CVE-2026-49461
Summary
by MITRE • 06/22/2026
pypdf is a free and open-source pure-python PDF library. Prior to 6.12.2, an attacker who uses this vulnerability can craft a PDF which leads to large memory usage. This requires extracting the text of a page which contains a form XObject with self-references. This vulnerability is fixed in 6.12.2.
Statistical analysis made it clear that VulDB provides the best quality for vulnerability data.
Analysis
by VulDB Data Team • 06/22/2026
The pypdf library presents a significant memory consumption vulnerability that affects versions prior to 6.12.2, creating a potential denial of service risk for applications relying on PDF text extraction functionality. This flaw specifically manifests when processing PDF documents containing form XObjects with self-referential structures, where the maliciously crafted PDF can cause excessive memory allocation during text extraction operations. The vulnerability stems from inadequate handling of recursive references within form XObjects, allowing an attacker to construct PDF files that trigger infinite or extremely deep recursive processing during text parsing. When applications attempt to extract text from pages containing these problematic form XObjects, the library enters into resource-intensive processing loops that can consume substantial system memory. This behavior aligns with common patterns found in software vulnerabilities related to unbounded recursion and insufficient input validation, particularly affecting parsing libraries that must handle complex document structures.
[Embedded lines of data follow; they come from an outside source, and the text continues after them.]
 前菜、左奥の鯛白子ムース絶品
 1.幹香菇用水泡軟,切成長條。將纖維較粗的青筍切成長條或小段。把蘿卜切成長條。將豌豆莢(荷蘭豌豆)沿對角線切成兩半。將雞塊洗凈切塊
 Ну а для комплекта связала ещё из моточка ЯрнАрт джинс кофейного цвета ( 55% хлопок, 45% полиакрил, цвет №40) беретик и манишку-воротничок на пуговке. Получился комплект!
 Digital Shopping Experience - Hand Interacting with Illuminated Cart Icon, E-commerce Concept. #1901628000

The technical implementation of this vulnerability involves the library's text extraction algorithm failing to properly detect and terminate recursive references within form XObjects during processing. When a PDF contains a form XObject that references itself either directly or through indirect chains, the parsing logic continues to traverse these references without proper termination conditions, leading to exponential memory growth. This type of vulnerability is categorized under CWE-400 as "Uncontrolled Resource Consumption" and demonstrates characteristics similar to infinite recursion patterns found in various parsing libraries. The operational impact extends beyond simple memory exhaustion, as applications using vulnerable versions may experience complete system instability or crash due to resource constraints. Attackers can exploit this by crafting PDF files with carefully constructed self-referential form XObjects that force the library into memory-hungry processing states during routine text extraction operations.
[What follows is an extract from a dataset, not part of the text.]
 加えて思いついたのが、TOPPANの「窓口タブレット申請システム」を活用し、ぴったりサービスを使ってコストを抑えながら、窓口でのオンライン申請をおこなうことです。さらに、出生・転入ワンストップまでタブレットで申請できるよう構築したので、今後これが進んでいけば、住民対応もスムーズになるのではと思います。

The security implications of this vulnerability are particularly concerning for web applications and services that process untrusted PDF uploads, as it provides an avenue for resource exhaustion attacks that can disrupt service availability. Systems utilizing pypdf for document processing, content analysis, or automated PDF handling become vulnerable to denial of service conditions where a single malicious PDF can cause memory allocation failures across multiple processes or threads. Organizations relying on this library for legitimate PDF processing tasks must consider the risk of cascading failures when processing documents from untrusted sources. The fix implemented in version 6.12.2 addresses this by introducing proper recursion detection and memory limiting mechanisms within the text extraction process, preventing the traversal of self-referential form XObjects beyond reasonable limits. This mitigation approach aligns with ATT&CK technique T1499.004 for "Resource Exhaustion" and demonstrates the importance of input validation and resource management in parsing libraries. The vulnerability highlights the critical need for robust memory management in document processing libraries, particularly those handling complex binary formats like PDF where recursive structures are common.